K-pop group Kingdom takes the stage during a festival of Korean pop music on Sept. 23 at USC. (Photo by Uprightkid)

By ELLEN ENDO, Rafu Shimpo

Anyone who thinks that K-pop is merely a passing trend is wrong, according to a veteran K-pop music industry executive, who asserts, “The numbers don’t lie.”

Dom Rodriguez, a producer and songwriter who heads the U.S. branch of SM Entertainment, one of South Korea’s largest entertainment companies, was asked about the future of K-pop during a recent forum at the University of Southern California.

Korean actress and singer Kim Sejeong performs at the festival. (Photo by Michael Chow)

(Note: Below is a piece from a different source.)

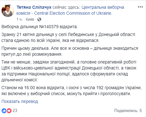 В ЦИК сообщили причину, по которой был закрыт избирательный участок. "Причин этому несколько. Но все же основная – участок находится вплотную к линии разграничения", - указала глава ЦИК Татьяна Слипачук на своей странице в Facebook. "Благодаря слаженной, а главное - оперативной работе ЦИК и военно-гражданской администрации Донецкой области, а также при поддержке Национальной полиции, удалось сформировать состав участковой комиссии. По состоянию на 16:00 она открыта, и желающие из числа 192 граждан Украины, которые включены в избирательный список, могут прийти и проголосовать", - написала Слипачук.

“As massive as (K-pop) is today, I think we’re at the starting point of what’s to come,” Rodriguez predicted. “The growth is going to be exponential as we move forward.”

Rodriguez, SM’s senior vice president, manages and has produced songs for NCT 127 and other artists. He appeared on campus as part of a day-long K-pop festa Sept. 23 that also featured a dance competition and concert.

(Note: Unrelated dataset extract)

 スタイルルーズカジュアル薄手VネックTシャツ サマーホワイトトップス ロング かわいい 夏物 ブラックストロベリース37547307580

When asked by USC Professor Hye Jin Lee about his company’s creative process, Rodriguez explained that everything comes into play, including the music video, the look, and all the elements “to make it the greatest possible version it can be.”

In addition, says Rodriguez, the song and performance “must be aligned with our vision as a company and what that’s going to mean from a 360 direction and not simply the music alone to the ears, but what does it say to the eyes, what does it say to the mind, what does it say to the group. Is it on-brand?

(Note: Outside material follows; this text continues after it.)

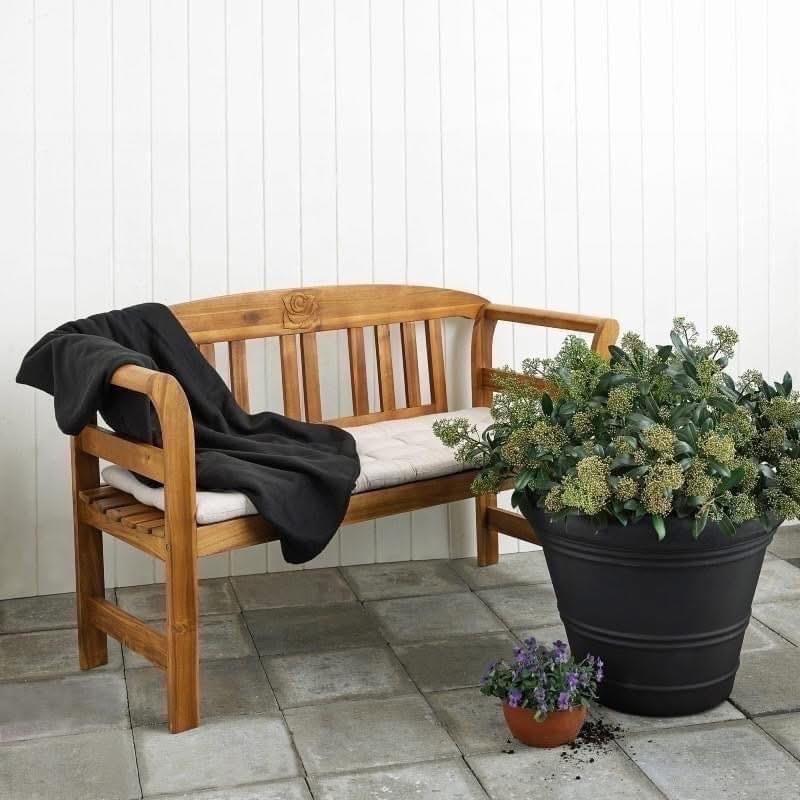 Klassisk havebænk med udskåret rose på rygstykket

“Every song is a true journey,” he says. “There’s no real boundary. There’s not a scenario where you say you can’t do this, you can’t do that. If you have a great record, it’s a great record. If we think that it will reach and identify with our audience, and it matches our acts, then we pursue it, but there’s no boundaries.

Dance group Prism Kru wins U.S. Championship in K-pop cover dance competition. (Photo by Michael Chow)

“It’s not a copycat game. It’s … (just) bring us something that’s amazing.”

Rodriguez entered the K-pop industry in 2010. He admits that initially it was difficult to generate mainstream media interest in K-pop. “The growth…has been substantial. To now, where you can’t turn a corner without seeing it. K-pop has arrived, and everybody knows about it. 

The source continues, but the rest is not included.